Ему вторил седовласый и очень чистенький старичок-пассажир, этакий блюститель нравственности. Он с укоризной поглядывал на нас с Феклой, а узрев Валентина и Дорика, вперился весьма внимательным взором в наших питомцев. Под его укоризненным взглядом проводник совершенно укрепился в осознании собственной правоты и мертво стол на своем. Я почти плакала, предлагала деньги, уверяла, что животные у нас смирные, все было напрасно. Что ж, видно придется Валентину посидеть немножко в саквояже.

Мы отошли в сторонку, дабы скрыться за широкими юбками торговок, восседавших посередь площади. Краснощекая баба, у которой отбою не было от покупателей заметила нас и, подмигнула, идите, мол, мне за спину. Расправив поневу и гордо приосанившись, точно английская королева на троне, она величественно подавала покупателям снедь. Вокруг, на перевернутых вверх дном деревянных ящиках, покрытых вышитыми рушниками, стояли лотки со всякой всячиной.

Чего там только не было! Горка румяных пирогов, прикрытая полотенцем от назойливых мух, моченые яблоки на жестяной тарелке, пряники, вокруг коих жужжали неотвязные осы, соленые огурцы в пузатом бидоне. Под старым дубленым тулупом укрывалось горячее в глиняных горшочках, которое, судя по тому, как часто торговка ныряла рукой под полу, более всего пользовалось спросом проезжающих.

– Харчи, харчи, – непрестанно твердила она, косясь исподволь на наши маневры и обращаясь теперь непосредственно к нам, – деточки, харчи! Картохи с курой, пирожки с потрошками, берите!

Фекла внимательно посмотрела на торговку, но обратилась ко мне.

– Ангелина Николаевна, наши-то припасы уж все закончились. Не взять ли чего?

Хотя Феклуша говорила негромко, торговка тотчас повернулась к нам и радушно развела руками.

– Берите, деточки, – зареготала она сердобольно, поправляя сползающий плат, – за копейку отдам, хоча и все свежее, нонешнее. Днесь спроворила…

– Нет-нет-нет, – запротестовала я, доставая кошелек с монетами, предназначенными на текущие расходы, и вручая его Феклуше, – заплати как полагается…

Фекла, метнулась к торговке и, важно раскланявшись, принялась расспрашивать про товар. Я тем временем раскрыла саквояж и попробовала усадить в него Валентина. Пес не возражал.

Оказавшись в сумке, он сжался комочком, но вдруг его бархатистые уши задрожали, а ноздри с шумом стали втягивать воздух. Сие возбужденное состояние тотчас подсказало мне причину собачьей покладистости, столь Валентину несвойственной. Еще сегодня утром в саквояже находились удивительные консервы «Собачья Радость», от которых теперь осталось одно лишь воспоминание, возбуждаемое плохо выветрившимся запахом.

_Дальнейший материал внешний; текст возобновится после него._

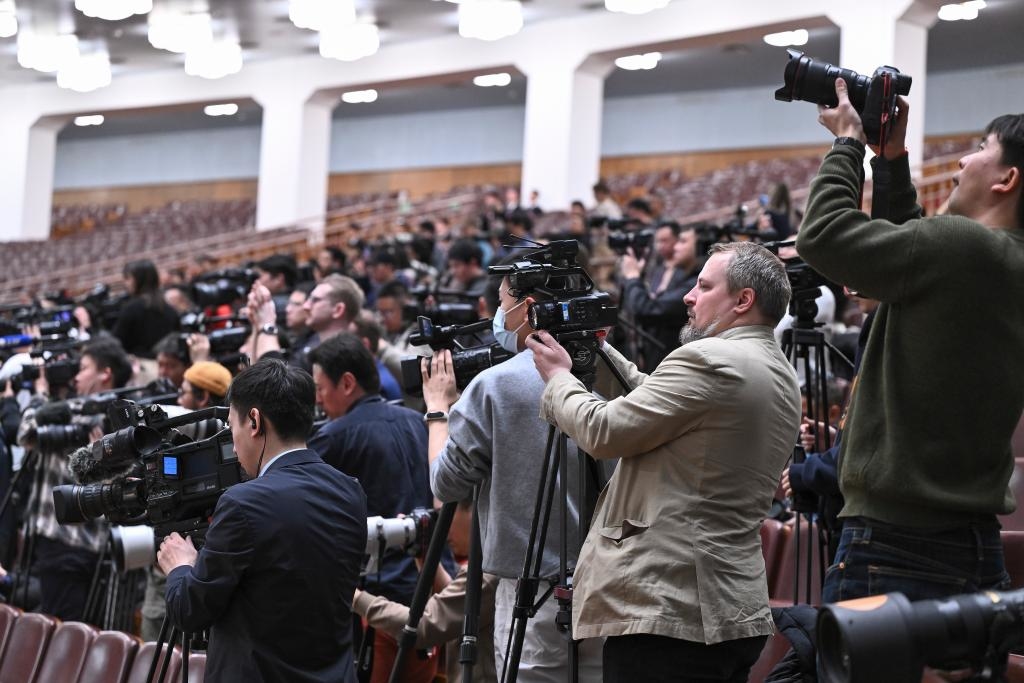 Journalists work at the opening meeting of the second session of the 14th National Committee of the Chinese People's Political Consultative Conference (CPPCC) at the Great Hall of the People in Beijing, capital of China, March 4, 2024. (Xinhua/Yan Yan)
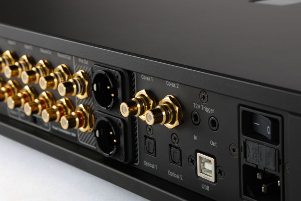 - Įėjimai: 1 x balansiniai (XLR), 4 x analoginiai (RCA), 1 x Record In (RCA), 2 x optiniai (TOSLINK), 2 x koaksialiniai (COAX), 1 x USB (B)

– Феклуша, – окликнула я звонким шепотом, – купи чего-нибудь для песика.

Фекла понятливо кивнула и быстро окинула взором товар. Спустя небольшое время она вернулась к нам обвешанная свертками и возвратив мне кошелек, гордо заявила, что и двадцати копеек не истратила.

С независимым видом мы прошествовали мимо проводника и, предъявив плацкарту, оказались наконец в вагоне. Здесь мы первым делом освободили Валентина. Он, тихонечко взвизгнул и лизнул меня в нос. Однако радоваться было рановато. В дверь постучали.

К счастью, мы не успели захлопнуть саквояж. Валентин немедленно юркнул внутрь, чем растрогал нас с Феклой до слез. Мы обе кинулись к сумке, чтобы закрыть ее и пребольно стукнулись лбами. Услыхав жалобное ойканье, проводник ввалился без позволения, но, застав нас в неловких позах, пробубнил извинения и отступил.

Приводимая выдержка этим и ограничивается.